Panama Canal: Resilience and governance between two seas

Source(s): United Nations Office for Disaster Risk Reduction – Regional Office for the Americas and the Caribbean
SRSG in the Panama Canal

Since its inauguration in 1914, the Panama Canal has become one of the most important structures in the world. Not only is it the route through which 6% of world commerce flows, but it is also one of the most transcendental and eye-catching modern engineering constructions: a system of locks that connecting the Pacific and Atlantic oceans through an artificial lake 26 meters above sea level.   

Precisely because of this importance, its year-round operation depends on many intricate parts involving human, mechanical and natural elements. This is why the Panama Canal is a living example of the importance of resilient infrastructure and good governance, two key factors in disaster risk reduction policies.   

Mami Mizutori, Special Representative of the UN Secretary-General for Disaster Risk Reduction and head of the UN Office for Disaster Risk Reduction (UNDRR), paid a visit to the Panama Canal at the end of March. "The Panama Canal serves as an example for this region. It is a resilient organization that complies with all the priorities of the Sendai Framework for Disaster Risk Reduction," said Mizutori.  

From its very construction, the Panama Canal has placed great importance on the two factors on which it depends: engineering and environment. On one hand, the structure must function properly, through preventive maintenance in order to avoid damage with major impacts. And on the other hand, the understanding of natural hazards in order to adapt to them and act effectively in the face of the most extreme events, much more so in the face of the climate change scenario. Understanding the risks to which they are exposed, and the possibilities of their cascading effects is what makes it possible, then, to take the necessary measures to maintain the annual average of 13,000 ship transits.    

In environmental terms, for example, the Panama Canal has had a climate database since the end of the 19th century, which allows for a much more detailed analysis to make climate forecasts, mainly floods and droughts, and to prepare for them. In 2010 there was a storm, known as La Purísima, a phenomenon with a 100-year return period, which at that time recorded the maximum average rainfall in 24 continuous hours and forced the suspension of operations for the third time in the history of the interoceanic route.   

However, the Canal's preparedness for a anticipated hazard managed to avoid a disaster, as water emptying operations mitigated the possibility of damage to the infrastructure, while communities implemented evacuations and other measures practiced during various drills.   

There are, in fact, two types of drills. The first is focused on the communities living in the Canal watershed, which is home to150,000 people. This is a joint exercise between the Canal, the National Civil Protection System (SINAPROC) and the community itself, which is carried out every two years. Likewise, the EcoCanal exercise is aimed at all areas of the organisation's operations and simulates responses to potential incidents affecting transit.   

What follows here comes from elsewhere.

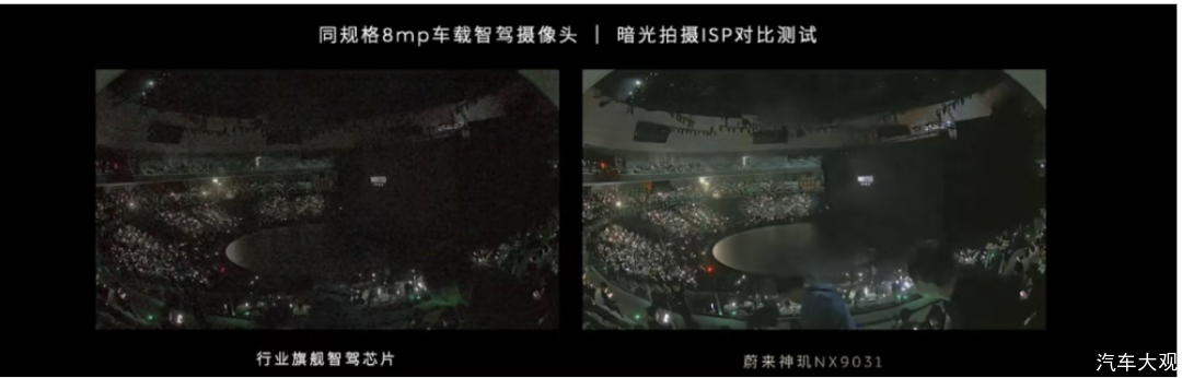 ES9全车搭载3颗激光雷达,覆盖前后左右全向感知,加上高清摄像头阵列和毫米波雷达,传感器总数超过33个。为了展示感知能力,李斌现场还用车载摄像头,拍了张照片,进行了对比。

In terms of infrastructure, the Canal has a rigorous preventive maintenance system, which has allowed them, for example, to still have in operation the original locks gates, built more than 100 years ago. The dredging department, on the other hand, works ceaselessly to maintain the proper depth for ships to navigate. Maintenance, then, is key to the continued operation of the route. The Canal allocates approximately $300 million annually for maintenance work.   

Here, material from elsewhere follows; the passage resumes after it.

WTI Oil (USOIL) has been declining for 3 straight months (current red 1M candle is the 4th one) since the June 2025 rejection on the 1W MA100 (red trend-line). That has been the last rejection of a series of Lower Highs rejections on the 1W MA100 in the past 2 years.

"The Panama Canal contributes to the safety of all Panamanians by being a reference in disaster risk reduction in the face of existing threats and even more so in the face of climate change," said Mizutori.  

In addition to the regional example proposed by the Panama Canal in DRR, the country has also just created the Comprehensive Disaster Risk Management Cabinet of Panama, led by the Minister of Government, Janaina Tewaney, with the participation of several other ministries and promoted by the President of the Republic, Laurentino Cortizo Cohen. This cabinet will serve as a driving force for national plans and programmes aimed at disaster risk reduction, and an example of good governance for the region.